We are referring here to the person, not his namesake horse. But come to think of it, if Little Enis the horse had only run fast enough to get out of River Downs, he might have run in one of the Cup races. Dreams are made of this stuff.
Little Enis the man, “an amazing little stud” as his biographer Ed McClanahan of Lexington described him, was dead as a stuck hog’s snout by 1984 when the Breeders’ Cup held its inaugural run.
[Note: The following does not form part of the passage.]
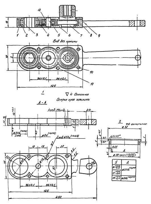 1 - корпус (Ст 3); 2, 8 - втулки (БрАЖМЦ); 3, 4, 7 - шестеренки (сталь 40ху); 5 - ось (сталь 45); 6 - подшипник (ГОСТ 7242-54); 9 - крышка (Ст 3); 10 - винт М6×15; 11 - цилиндрический штифт; 12 - шайба (Ст 3)
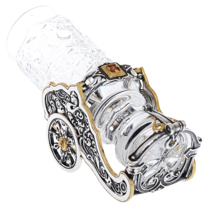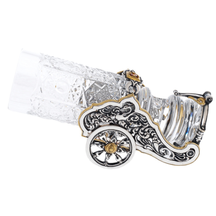 Еще с петровских времен сохранилась в наших местах традиция подносить гостю приветственную чарку. Для этого прекрасно могут подойти рюмки «Пушки», где сами хрустальные рюмки изящно вставлены в серебряные оправы.

Enis had passed in 1976.
He passed too soon to witness the superstars in Lexington, such as Alydar winning the Blue Grass Stakes and Spectacular Bid’s mouthy trainer, Bud Delp, coming in from Baltimore to raise the hackles of Kentuckians with a crude call to arms from the corner of Spectacular Bid to wit: “Bring on Man o’ War.” Right.
Most of all, Enis did not live to witness the Keeneland bugler and his fellow musician, Buckey Sallee, call horses to the post when the roving Breeders’ Cup finally rolled into Keeneland in 2015, a bit late for Buckey, who had transitioned into bugler emeritus status on retiring after 50 years of bugling horses to the post.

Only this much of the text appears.